At the Gold House, Hamm was sitting with three friends, including David Herrin, a large man with a large white beard who ran a trucking business. You used to pay 4.25% interest to buy a truck, but now you have to pay 7% interest to buy the same car. He said he understands that interest rates are high to control inflation. “I understand that it works, but I don’t understand why we should think taking away more expendable income is a good thing,” Herrin said.
CNN wanted to know what you thought of the Democratic proposal to address the economic issues that many people in Brantley County have been talking about. What about the idea of changing the tax code so that wealthy people pay more taxes and using that money to pay for education and health care in places like this?The people around the table didn’t buy it.
Baton Lee, a former firefighter, said he wants to pass on his home to his children and doesn’t want them to have to pay high taxes.
Herrin said he is pleased that President Trump has increased the inheritance tax threshold. “You think, ‘That’s a millionaire with $10 million,’ but that’s not the trucking business with the trucks and assets that we have to have,” he says. “If I die, I would probably be worth more than $10 million, and my children would have to come up with 40% of that to maintain my assets. We set the bar high enough that small-town businessmen like you wouldn’t be affected by it.”
Former union boilermaker Bill Middleton wasn’t impressed by Biden’s bailout of the Teamsters’ pension fund. “If the Teamsters’ pensions are in trouble, that means there’s a serious problem at the top of the Teamsters union. It’s either gross mismanagement or theft,” he said. Herrin complained that no one bailed out his 401(k).
And what about September’s big employment report numbers? They weren’t impressed with it either.

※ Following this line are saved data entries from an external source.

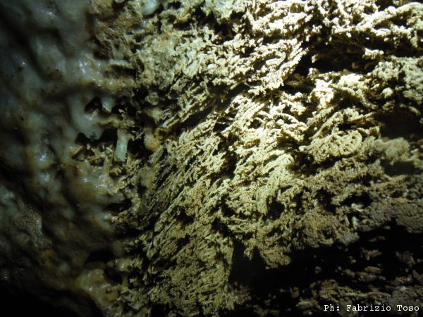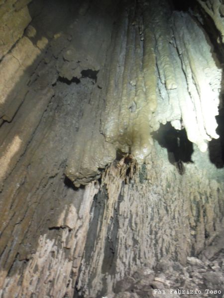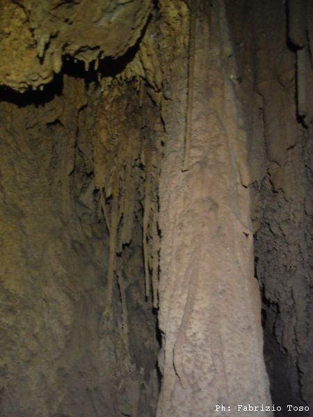 Ancora la strana roccia che forma le pareti di questa grotta, sembrano filamenti fossili di chissa’ quale vegetale.
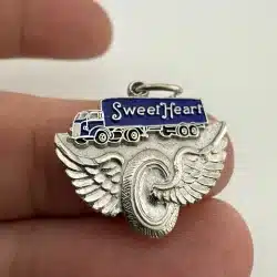 Blue SweetHeart Truck Over Winged Wheel Charm or Pendant
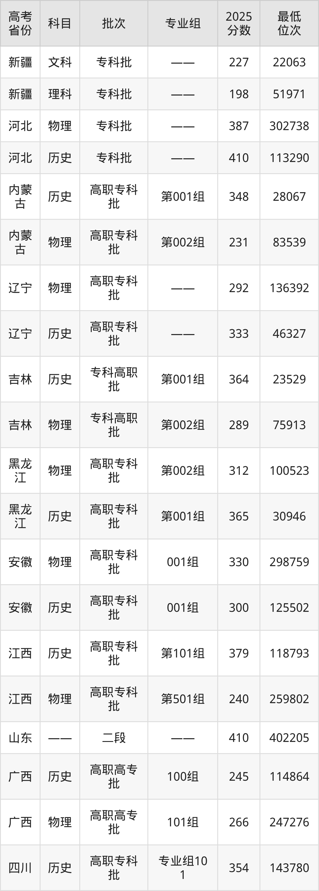 辽宁生态工程职业学院2025年在全国各省的最低分是198分,在辽宁物理类招生的最低分是292分、最低位次是136392位,在辽宁历史类招生的最低分是333分、最低位次是46327位,在新疆文科招生的最低分是227分、最低位次是22063位。
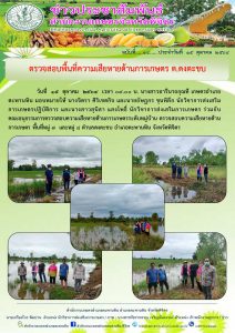 วันที่ 15 ตุลาคม 2564 เวลา 09.00 น. นางสาวอารีนาถกุณที เกษตรอำเภอตะพานหิน มอบหมายให้ นางจิตรา ศิริเขตกิจ และนายอัษฎกร ขุนพิลึก นักวิชาการส่งเสริมการเกษตรปฎิบัติการ และนางสาวสุนิสา แสงโพธิ์ นักวิชาการส่งเสริมการเกษตร ร่วมกับคณะอนุกรรมการตรวจสอบความเสียหายด้านการเกษตรระดับหมู่บ้าน ตรวจสอบความเสียหายด้านการเกษตร พื้นที่หมู่ 7 และหมู่ 8 ตำบลดงตะขบ อำเภอตะพานหิน จังหวัดพิจิตร
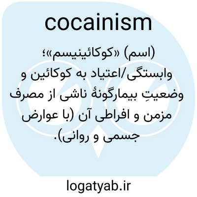 (اسم) «کوکائینیسم»؛ وابستگی/اعتیاد به کوکائین و وضعیتِ بیمارگونهٔ ناشی از مصرف مزمن و افراطی آن (با عوارض جسمی و روانی).
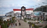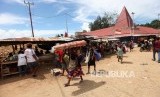 Sejumlah warga Negara Papua New Guinea berbelanja di Pasar Kasawan Pos Lintas Batas Negara Skouw, Jayapura, Papua, Selasa (14/11). (FOTO : Republika/Mahmud Muhyidin)
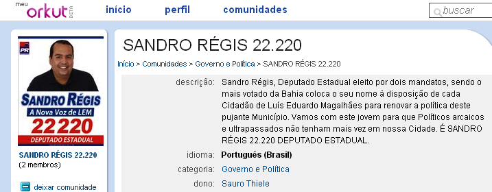 O marqueteiro Sauro Thiele, da Thiele Consultoria, já deu o tiro inicial da campanha à reeleição do deputado Sandro Régis à Assembléia Legislativa da Bahia. Sandro Régis é o deputado mais votado da Assembléia nas duas últimas campanhas, o que facilita a campanha de Sauro. Sandro tem se dedicado aos interesses de Luís Eduardo, com indicações da criação do Corpo de Bombeiros, da companhia independente de Polícia Militar, do novo centro de segurança da cidade e, principalmente, da criação da Secretaria Extraordinária dos Negócios do Oeste, com o objetivo de descentralizar as decisões de Salvador. Sauro está usando até o Orkut na campanha e promete a criação de uma comunidade dedicada a Sandro Régis.
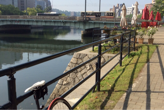 写真は自分の自転車と川の街広島。
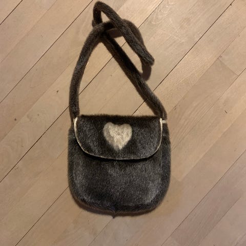Unik skuldertaske eller crossbag i antracitfarvet (mørk grå) sælskind (grønlandssæl). Tasken måler 23 cm høj og 26 cm bred. Indvendig foret med råhvidt møbellærred. 1 lynlåslomme og 3 ekstra lommer. Smarte detaljer så som et lille bamsehoved på lynlås-ende. Justerbar skulderrem af slidstærkt gjord på 4 cm i råhvid og grå. Pris kr. 600 plus porto. Eget design og eget håndarbejde.
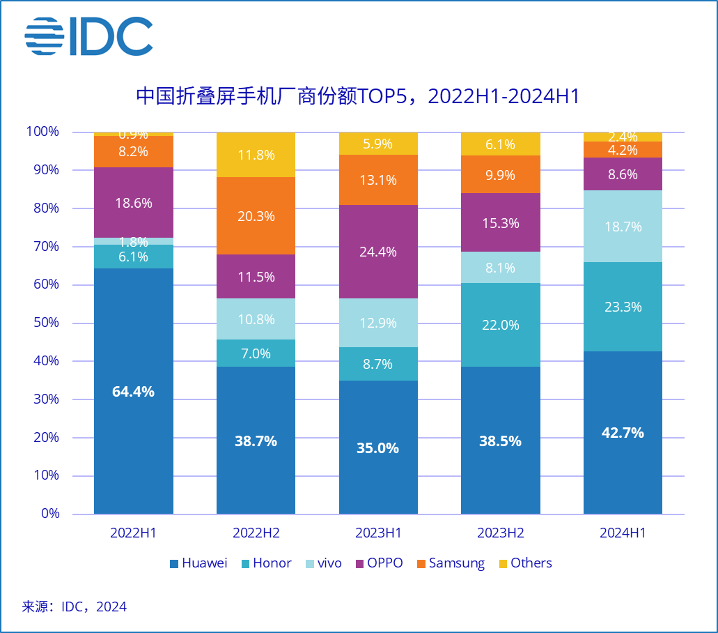 华为一直都是中国折叠屏手机市场的重要参与者,不管是从产品形态、产业链技术还是系统应用的适配,始终引领折叠屏手机行业的发展,从2020年开始,市场份额一直超过三分之一;荣耀和vivo凭借新产品在“轻薄”和“全能”上的成功打造,今年上半年市场份额分别达到23.3%和18.7%;OPPO在今年没有新产品上市的情况下依然位居第四位,市场份额8.6%;三星折叠屏产品受到来自中国品牌的竞争压力较大,市场份额只有4.2%。
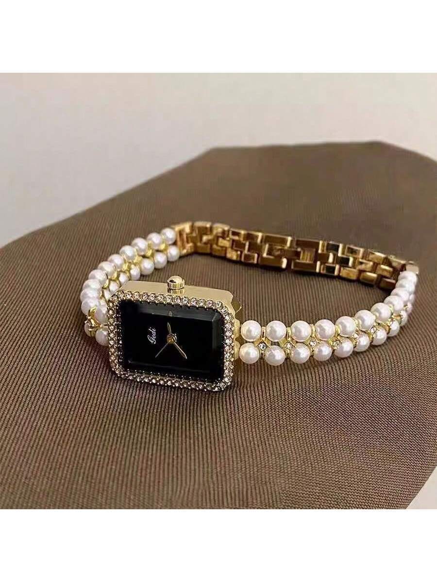 - 腕時計 レディース クォーツ 1個 白いシンプルな人工真珠のブレスレット付き女性用腕時計、ファッションラインストーン正方形ダイヤル
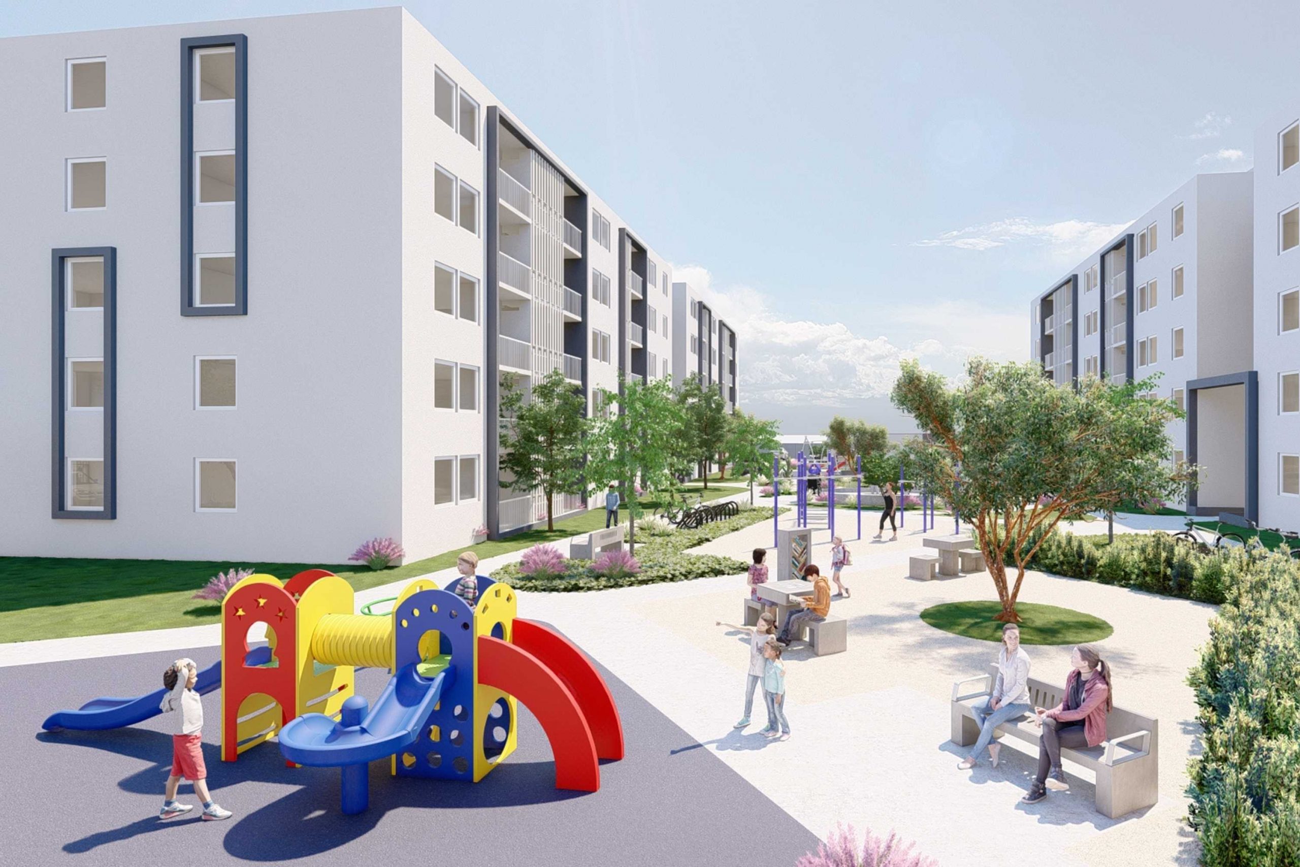 Mirador San Luis I y II incorporan el concepto de «Barrio a 15 minutos», promoviendo la integración y accesibilidad al estar a una distancia máxima de 15 minutos —a pie o en transporte público— de diferentes servicios y comodidades. Entre ambos, serán 5 edificios que varían de 4 a 5 pisos.

Mr Middleton said those were “government figures”. “You can’t take that with a grain of salt and give Washington, D.C., any credit,” Herrin said. “It’s about the American people going to work every day, even in times of downturn, in adversity, even in times of upswing. You take credit for it. We stood up and kept working and kept fighting and making this country better. No one in Washington has the right to take credit for what the American people did. Isn’t it?”

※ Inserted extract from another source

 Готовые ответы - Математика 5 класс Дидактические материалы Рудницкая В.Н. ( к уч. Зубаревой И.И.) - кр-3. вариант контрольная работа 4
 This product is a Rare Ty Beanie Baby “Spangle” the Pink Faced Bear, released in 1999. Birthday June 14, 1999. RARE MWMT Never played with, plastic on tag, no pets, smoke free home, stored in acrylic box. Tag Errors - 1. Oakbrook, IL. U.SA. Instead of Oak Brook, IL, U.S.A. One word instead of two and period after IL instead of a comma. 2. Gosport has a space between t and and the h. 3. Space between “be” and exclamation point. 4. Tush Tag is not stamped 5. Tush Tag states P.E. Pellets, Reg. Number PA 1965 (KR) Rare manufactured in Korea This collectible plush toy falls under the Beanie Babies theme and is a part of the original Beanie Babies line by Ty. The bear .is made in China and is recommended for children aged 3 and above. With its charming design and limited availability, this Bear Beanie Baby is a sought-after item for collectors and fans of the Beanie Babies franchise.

But when two older gentlemen, Corbett Wilson and Donald Lewis, joined the Trump fans around the table, they were very candid in explaining their views on the presidential election.

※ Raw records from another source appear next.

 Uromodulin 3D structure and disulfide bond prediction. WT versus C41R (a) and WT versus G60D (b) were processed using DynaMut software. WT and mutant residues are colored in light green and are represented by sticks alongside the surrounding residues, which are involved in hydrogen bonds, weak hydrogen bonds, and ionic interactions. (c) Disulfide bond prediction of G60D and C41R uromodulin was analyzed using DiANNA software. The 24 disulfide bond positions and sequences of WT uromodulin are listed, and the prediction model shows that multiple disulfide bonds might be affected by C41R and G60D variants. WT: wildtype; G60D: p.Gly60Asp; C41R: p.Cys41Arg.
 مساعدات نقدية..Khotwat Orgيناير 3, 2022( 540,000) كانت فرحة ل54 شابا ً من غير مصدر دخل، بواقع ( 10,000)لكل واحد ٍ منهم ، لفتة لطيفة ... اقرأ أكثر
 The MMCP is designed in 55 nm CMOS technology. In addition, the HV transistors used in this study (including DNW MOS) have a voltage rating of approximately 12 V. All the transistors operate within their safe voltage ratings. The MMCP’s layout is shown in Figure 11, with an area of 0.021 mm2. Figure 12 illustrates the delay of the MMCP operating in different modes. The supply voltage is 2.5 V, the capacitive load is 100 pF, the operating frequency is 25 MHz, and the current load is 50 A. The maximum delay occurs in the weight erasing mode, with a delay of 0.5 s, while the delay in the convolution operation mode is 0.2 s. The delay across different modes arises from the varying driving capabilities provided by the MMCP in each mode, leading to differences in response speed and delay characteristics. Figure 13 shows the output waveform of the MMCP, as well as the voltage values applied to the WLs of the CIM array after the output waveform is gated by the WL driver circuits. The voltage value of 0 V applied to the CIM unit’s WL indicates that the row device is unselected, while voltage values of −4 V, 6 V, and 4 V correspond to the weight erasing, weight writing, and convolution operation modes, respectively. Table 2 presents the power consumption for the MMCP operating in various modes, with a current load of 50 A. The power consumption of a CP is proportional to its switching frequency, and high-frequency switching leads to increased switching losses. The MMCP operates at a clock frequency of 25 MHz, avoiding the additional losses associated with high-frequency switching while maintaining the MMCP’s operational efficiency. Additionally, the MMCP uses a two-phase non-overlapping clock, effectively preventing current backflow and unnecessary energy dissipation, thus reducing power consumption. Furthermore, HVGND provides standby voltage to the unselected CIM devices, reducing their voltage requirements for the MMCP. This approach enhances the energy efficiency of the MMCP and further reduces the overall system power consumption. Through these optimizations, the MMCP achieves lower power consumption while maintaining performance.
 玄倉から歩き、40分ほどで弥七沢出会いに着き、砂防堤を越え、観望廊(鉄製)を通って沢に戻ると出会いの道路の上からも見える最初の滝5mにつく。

“I’m not going to vote for a criminal,” said Wilson, an independent. The Jan. 6, 2021, attack on the U.S. Capitol should have been disqualified, he said, and Lewis agreed. “He’s an anti-American. He’s trying to overthrow our government,” Lewis said of the former president.
Mr. Wilson and Mr. Lewis said the connection that neighbors feel to Mr. Trump is stronger and more personal than their attachment to Republicans Ronald Reagan, George W. Bush or Mitt Romney. agreed that it was. But they had no explanation for it. “People would kill for him,” Wilson said. “I don’t know. I don’t even try.”
Still, there’s no animosity around the table. “They can vote how they want to vote,” Wilson said of her peers. Hyerin interjected, “Still, I’m going to eat breakfast again.”